Learn What Not to Learn: Action Elimination with Deep Reinforcement Learning

This paper addresses the challenges posed by large discrete action spaces in Reinforcement Learning (RL), a significant barrier to the application of RL in complex domains such as NLP, industrial control systems, and text-based games. The authors introduce an innovative architecture known as the Action Elimination Deep Q Network (AE-DQN), which synergistically integrates traditional Deep Q-Networks (DQN) with a contextual bandit component to effectively eliminate non-optimal actions.

Core Contributions

The main novelty lies in the adoption of an action elimination mechanism. Instead of learning the Q-values for every possible action, the AE-DQN first focuses on identifying and discarding actions that are likely to be non-optimal. This methodology is predicated on the core assumption that it is simpler to predict invalid or inferior actions than it is to compute Q-values across the entire spectrum of possible actions. The paper establishes a theoretical foundation for this approach by applying linear contextual bandits for action elimination, thereby improving the robustness and efficiency of the learning process.

Simulation and Results

Simulations conducted in the environment of the text-based game "Zork" showcase the AE-DQN's effectiveness. The architecture exhibits notable speedup and increased robustness compared to vanilla DQN, particularly when faced with scenarios exceeding a thousand discrete possible actions. Numerical results also indicate that the AE-DQN advances in the game significantly faster by eliminating irrelevant actions, highlighting the practical advantages of the proposed approach in terms of both time efficiency and computational resource utilization.

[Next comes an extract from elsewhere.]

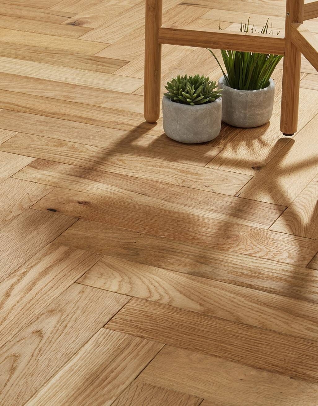 Luxury comes in all shapes and sizes with our range of Engineered Wood flooring. Take a look at our Elegant Herringbone Oak, which will bring a touch of natural charm to many rooms in your home. The classic Herringbone style will create a striking look and is sure to become a conversational piece with your guests. Delicate tones of light brown and cream exude charm and character, whilst the grain detail offers a rustic feel. This Natural Herringbone Oak showcases an authentic wood appearance while also being able to deal with all aspects of a busy home.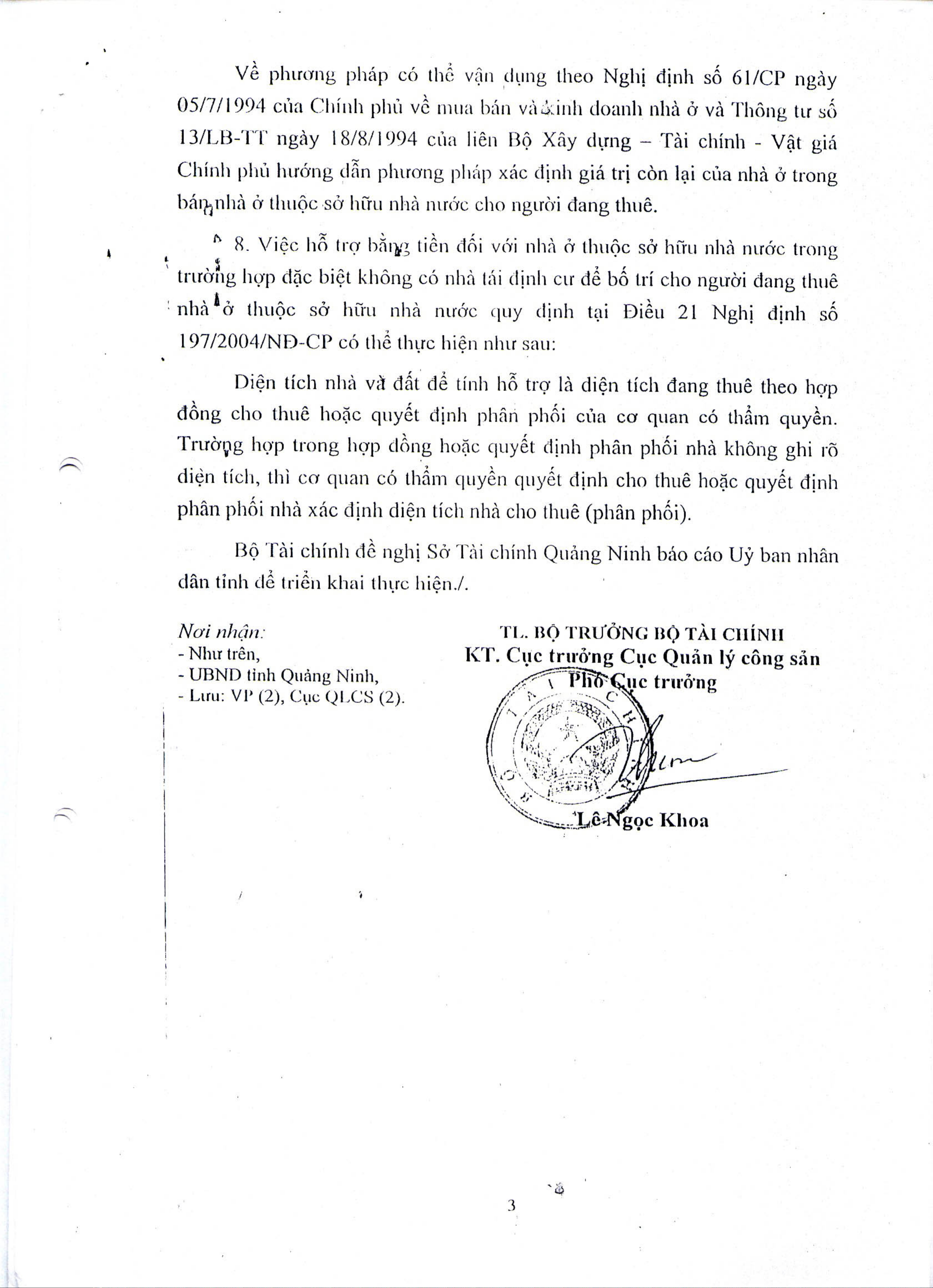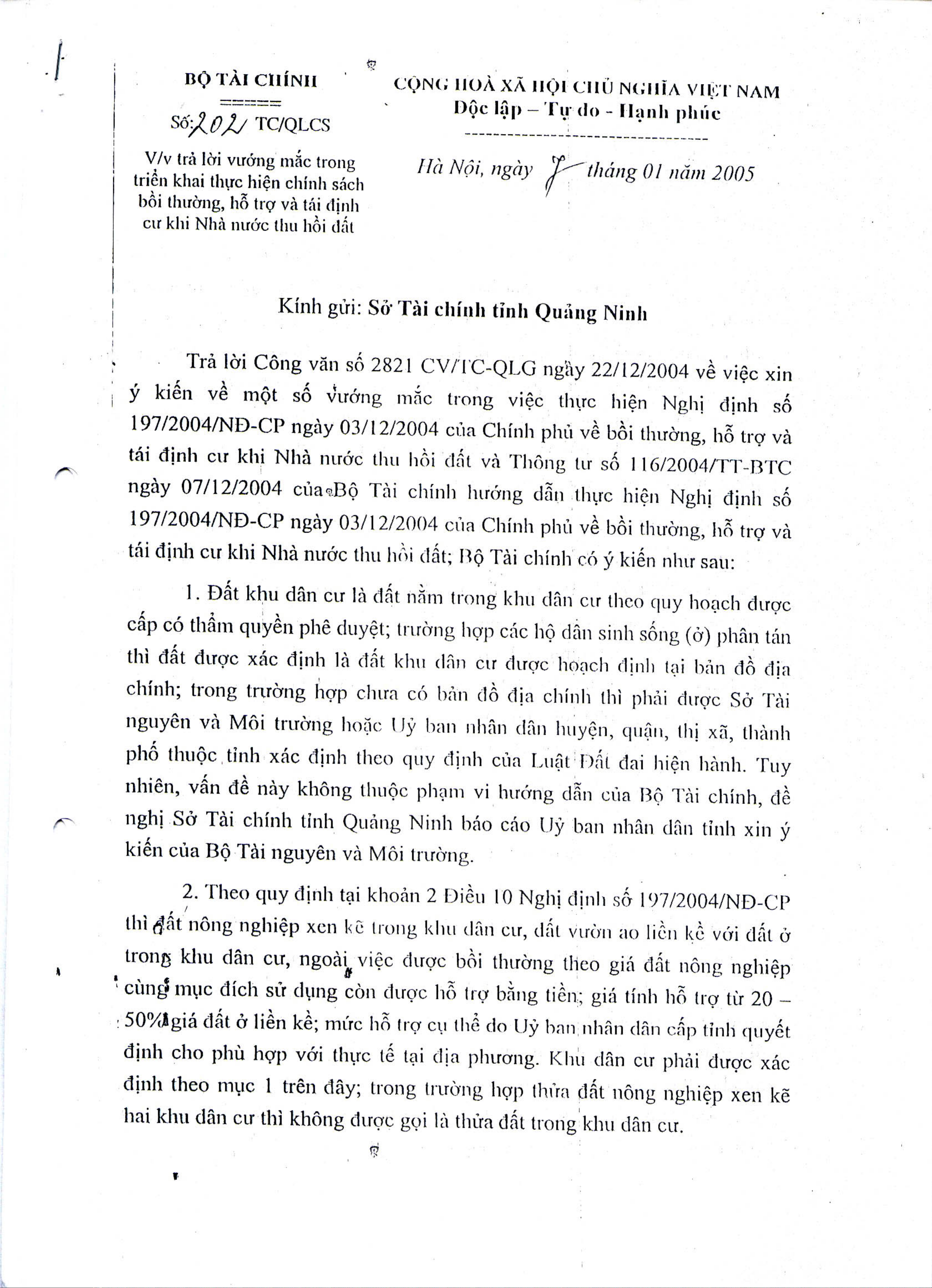 Công văn 202/TC/QLCS của Bộ Tài chính về việc trả lời vướng mắc trong triển khai thực hiện chính sách bồi thường,hỗ trợ và tái định cư khi Nhà nước thu hồi đất

Implications and Future Prospects

The implications of this research are twofold: firstly, it ameliorates the computational burden associated with large action spaces in RL applications, making it feasible to deploy RL in more intricate real-world scenarios; secondly, the paper suggests a potential direction for further research into the reduction of overestimation errors commonly encountered in DRL settings.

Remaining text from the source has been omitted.